Here's an amateurish (and probably quite ugly) chart showing the average sudoku experience:
There's stuff about France, but given that it's about the French, it's probably just easier to say that they probably gave up quickly on this 'devil's magic' (or was that the people they colonized (i.e. early Canadians) ?).
Truly, nothing less than Satan's trickery.
'Modern' sudoku first appeared in the late 70's, in some magazine published by Dell Magazines, as 'Number Place'.
With a name like that, it's a surprise it didn't take the world by storm over the weekend.
"I gotta get me some Number Place"
Eventually, it found it's way to Japan (never a good sign) in the mid-80's.

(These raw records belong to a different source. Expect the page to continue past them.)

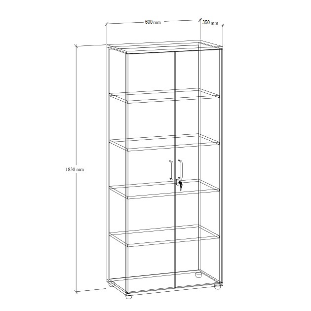 Szafa aktowa z drzwiami o wymiarach 180/80/35. Szafa została wykonana z płyty melaminowej o grubości 18 mm, dzięki czemu jest solidna i stabilna. Jej wymiary wynoszą: wysokość – 1830 mm; szerokość – 600 mm; głębokość – 350 mm. Posiada stopki zapobiegające zarysowaniom podłóg oraz dające możliwość regulacji poziomu szaf w zakresie 15 mm.
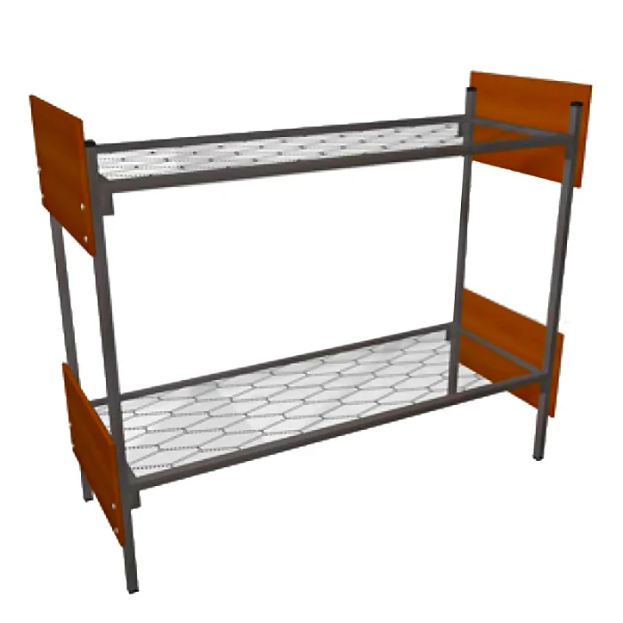 Кровать металлическая двухъярусная со спинками из ЛДСП сетка прокатная пружина 2ДКП-2. Металлические двухъярусные кровати «2ДКП-2», это недорогие стальные кровати с деревянными спинками. Модель привлекательно смотрится в каждом интерьере. Советуем купить металлические 2 ярусные кровати для хостелов, общежитий, в пансионаты, детские лагеря, на турбазу. Выгодно приобретение кроватей для размещения рабочих и строителей. За дополнительные деньги можно приобрести лестницы, заказать ограничители, и нарастить металлические ламели.
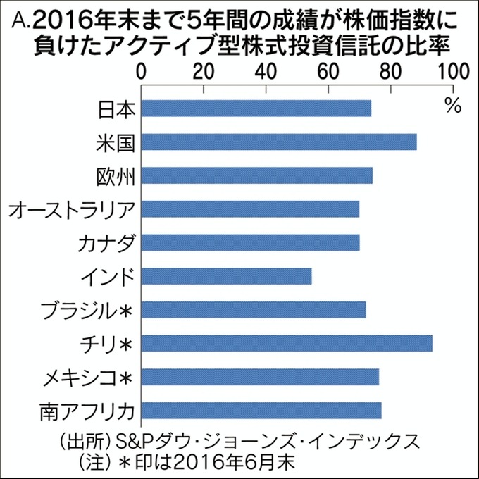 アクティブファンドのほとんどはインデックスファンドに負けている
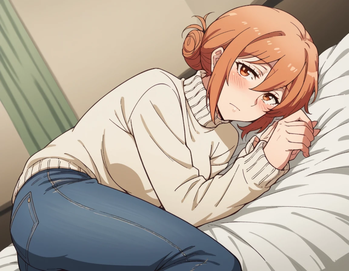 yuigahamama, hair bun, mature female, orange eyes, orange hair, short hair, single hair bun, hair between eyes, sidelocks,
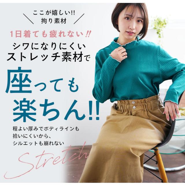 ハイウエストなのに苦しくない! ウエストギャザーでお腹スッキリ

Given that Japan is also the global capital of tentacle porn, it's highly likely that some offshoot of the two has sprung up in some place.
This, but 100 times worse
According to the esteemed Dr. Wiki (PhD in 'everything-ology' and multiple MD's in 'knowledge-onomy'), sudoku's rise in popularity took place in 2005, which makes leading social researchers wonder just how bored the world must have been, and what might have caused such a thing.

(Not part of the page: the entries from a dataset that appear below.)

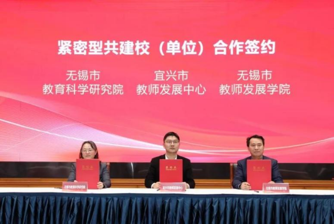 无锡市教科院、无锡市教师发展学院、宜兴市教师发展中心签署了《区域教师高质量专业化发展合作共建协议》。此次签约聚焦构建协同发展的教师成长新生态,旨在提升宜兴市教师教育教学、科研及创新能力,打造一支具有高尚师德、精湛业务、创新精神的高素质专业化教师队伍。
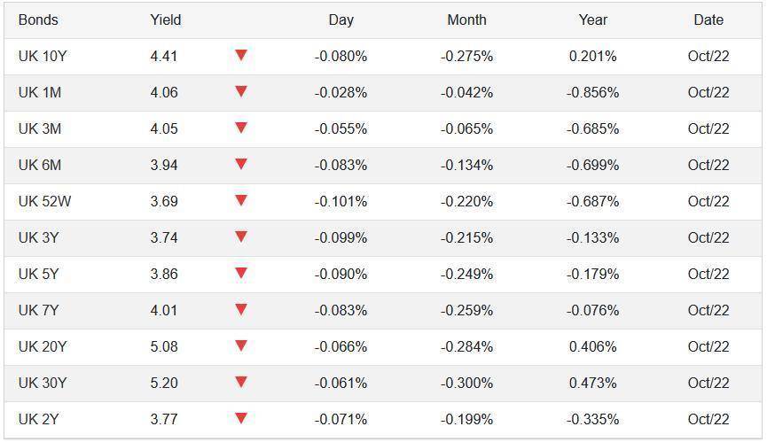 在降息预期升温的同时,对货币政策敏感的两年期英国国债收益率一度下跌10个基点,至3.75%,为2024年8月以来的最低水平。在两年期英国国债的上涨的带动下,其他期限英国国债同样上涨。此外,英镑兑美元汇率跌0.4%,至1英镑兑1.3320美元。
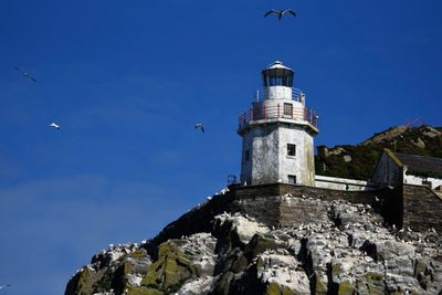 Bull Rock Lighthouse stands on a rocky islet rising about 93 meters (305 feet) with sheer cliffs surrounding it on all sides. The island features a natural tunnel running through its center, creating an unusual passage for boats to navigate directly beneath the rock.
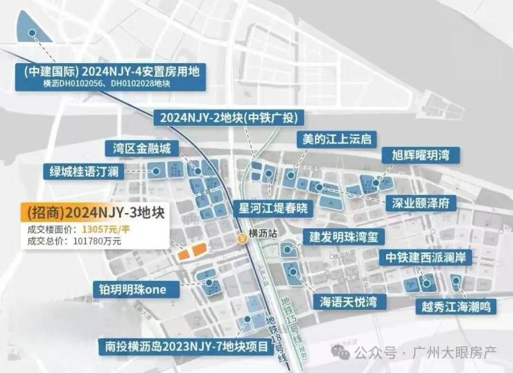 2024年9月20日,广州招盛房地产有限责任公司(招商蛇口)以底价10.18亿元拿下横沥岛2024NJY-3地块,扣除456㎡配建后,成交楼面价约1.3万/㎡。
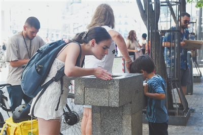 8月4日,一名女子在西班牙马德里街头补水。 当日,西班牙国家气象局发布特别提醒,全境大部分地区受到热浪影响,西南部地区最高气温预计突破42摄氏度。 新华社发(古斯塔沃·巴连特摄)
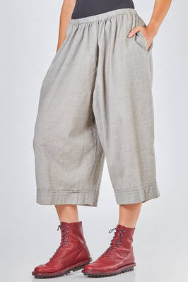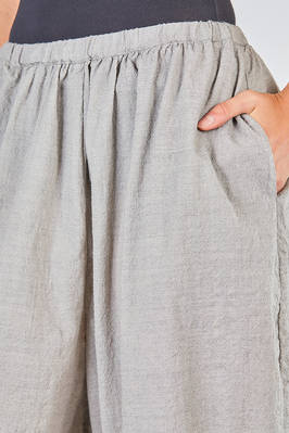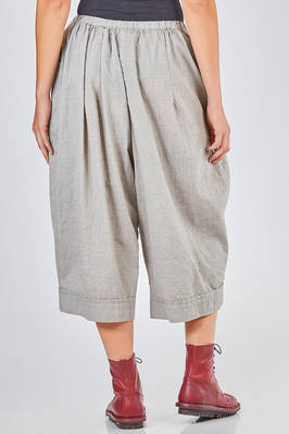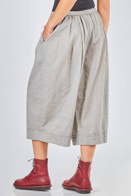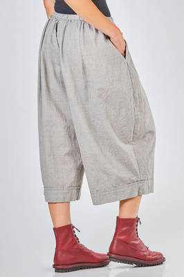 short and wide trousers in washed wool and polyamide crêpe, elastic waistband and slight gathering, vertical welt pockets on the sides. The model is 178 cm tall and wears size I
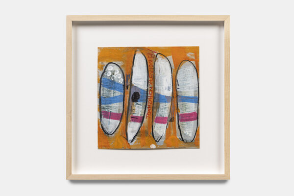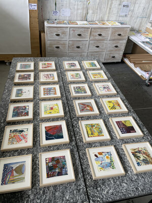 Wenn ich mich nach längerer Abwesenheit in meinem Miniatelier an den Arbeitstisch setze, fällt es mir nicht immer leicht, einen Anfang zu finden und ich fange an herumzuspielen. Oft stöbere ich in meinen Notitzbüchern, übernehme eine Skizze oder einen Gedanken oder lasse mich durch Fundgegenstände inspirieren, die ich ich seit 2014 in nächster Nähe des Ateliers sammle. Zum Aufwärmen beginne ich zu zeichnen. Dabei entstehen Miniaturen, die vom thematischen Arbeiten in meinem Atelier in den Vidmarhallen losgelöst sind.
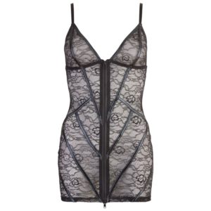 Dieses schwarze Kleid aus feiner Blumenspitze mit rockigen Wetlook-Streifen in der Front ist gar nicht so unschuldig, wie es auf den ersten Blick wirkt, denn mit nur einem Zug vorn am durchgehenden Zwei-Wege-Reißverschluss enthüllt es alles, was darunter liegt… Träger verstellbar. 90% Polyamid, 10% Elasthan.
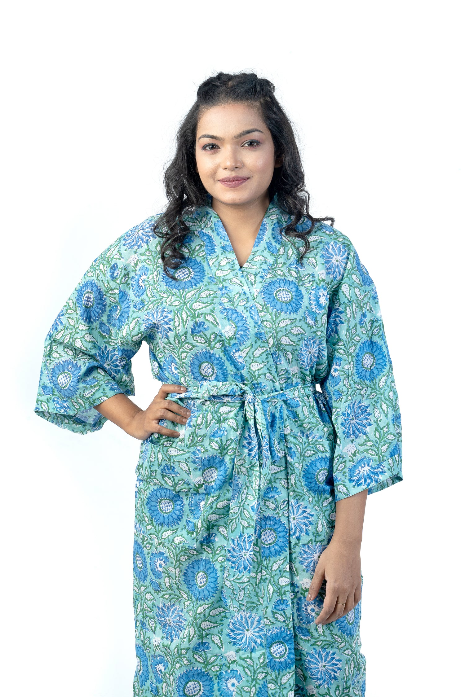 Kimono inspired robe - wide sleeves, front pockets, tie belt, generous size, hand block printed, pure cotton.
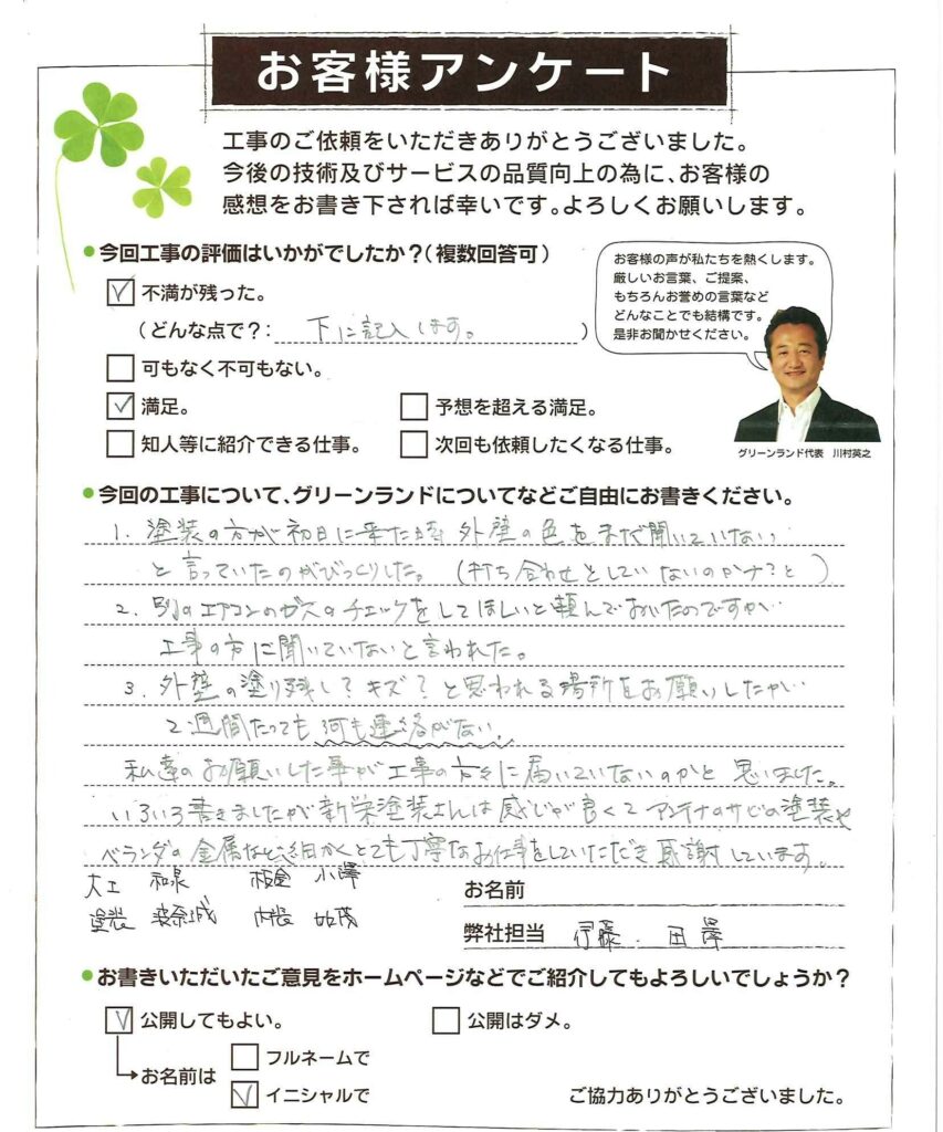 1.塗装の方が初日に来た時外壁の色をまだ聞いていないと言っていたのがびっくりした。 (打ち合わせとしていないのか?と) 2.別のエアコンのガスのチェックをしてほしいと頼んでおいたのですが工事の方に聞いていないと言われた。 3.外壁の塗り残し?キズ?と思われる場所をお願いしたが2週間たっても何も連絡がない。 私達のお願いした事が工事の方々に届いていないのかと思いました。 いろいろ書きましたが新栄塗装さんは感じが良くてアンテナのサビの塗装 ・ベランダの金属など細かくとても丁寧なお仕事をしていただき感謝しています。

Yup, the world must've been hella bored.
There are variants, in case the person isn't bored enough for/has nothing better to do than the normal version.

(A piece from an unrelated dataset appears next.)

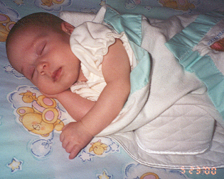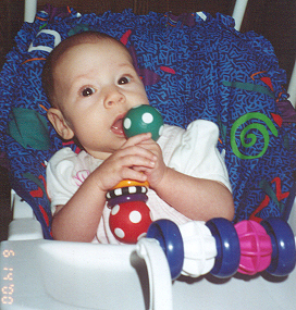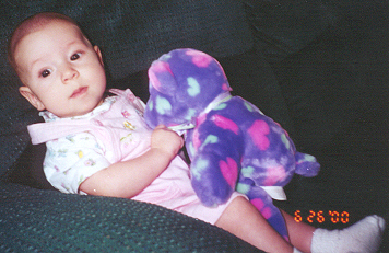 She could roll around well, and held on tight to her rattle. She had a very strong neck for her age,
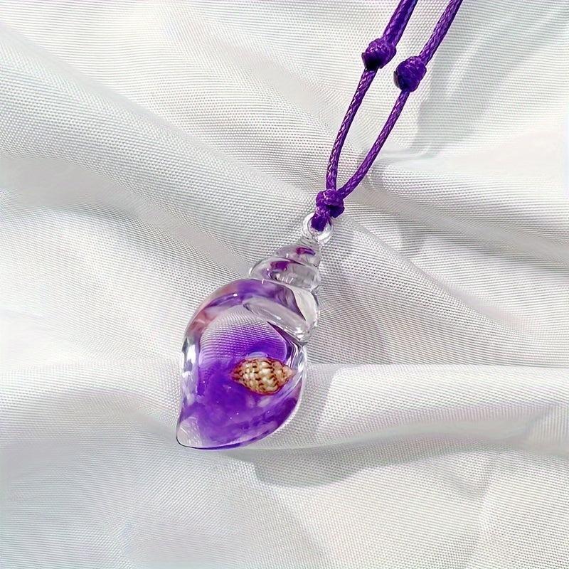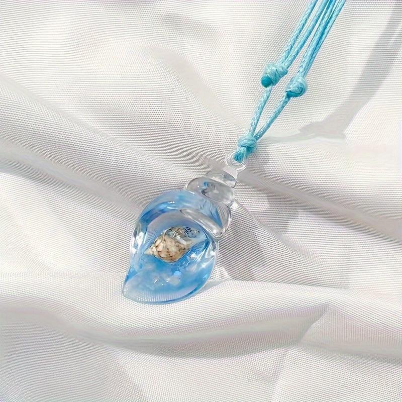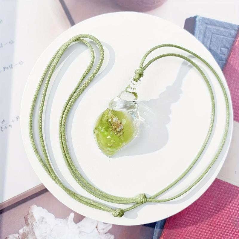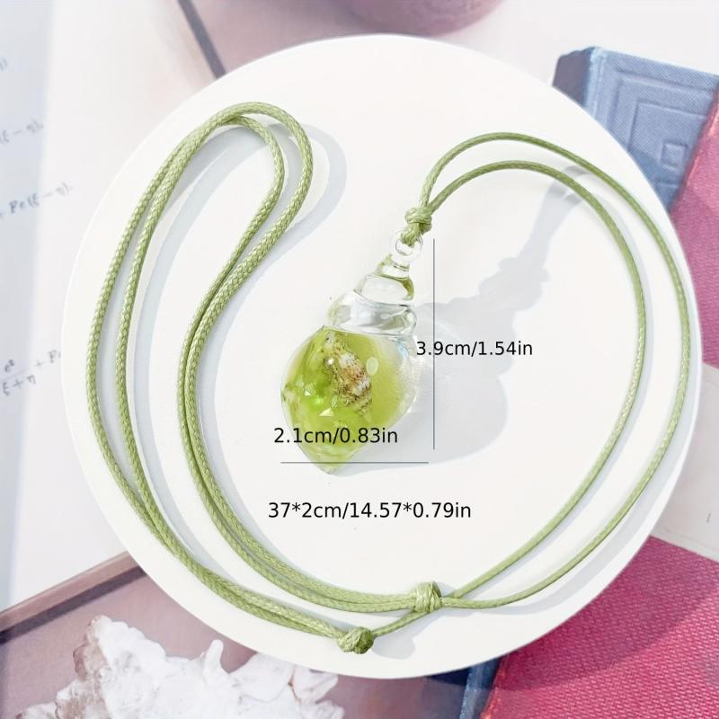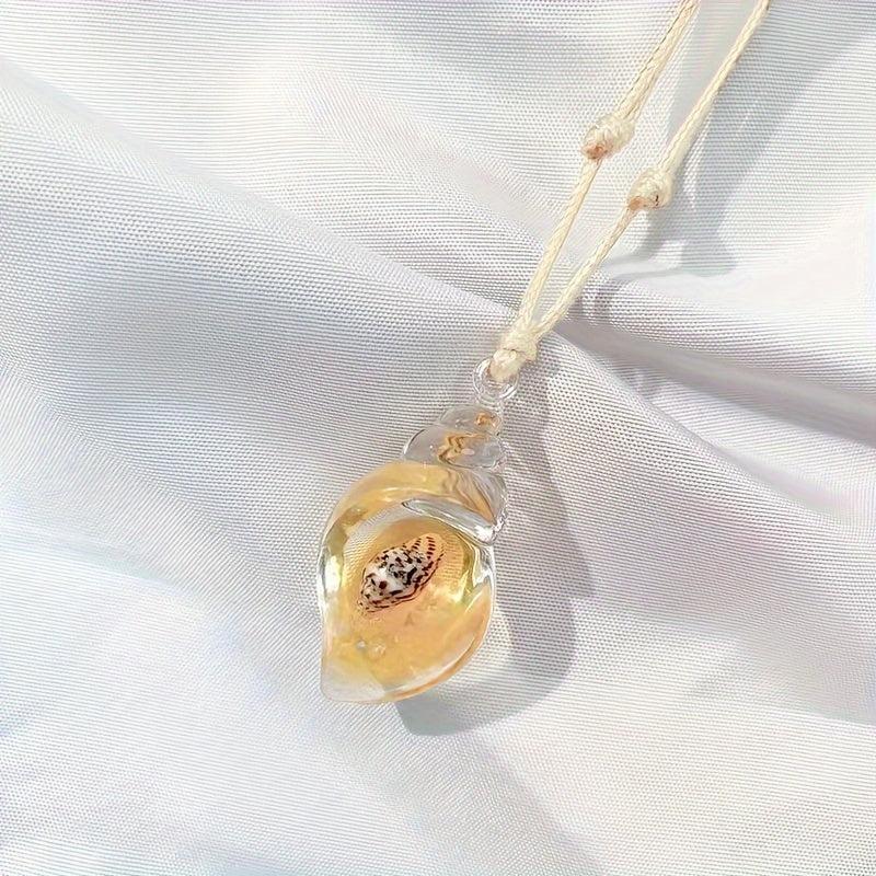 Elegant sea glass necklace featuring a colorful shell inclusion pendant. Perfect for vacation parties, teacher's gifts, and graduation celebrations.

There are also apparently tournaments.
We've come so far since we stoned dinosaurs to death for their meat and fur.
In case one wishes to become better/learn how to solve these things faster, there are many free resources to be found by google or on youtube.
There are also how-to books and whatever, but seriously, you can probably just get the pdf's of those somewhere (disclaimer: Cracked.com does not advocate the cool crime of internet piracy (or ripping off Futurama)).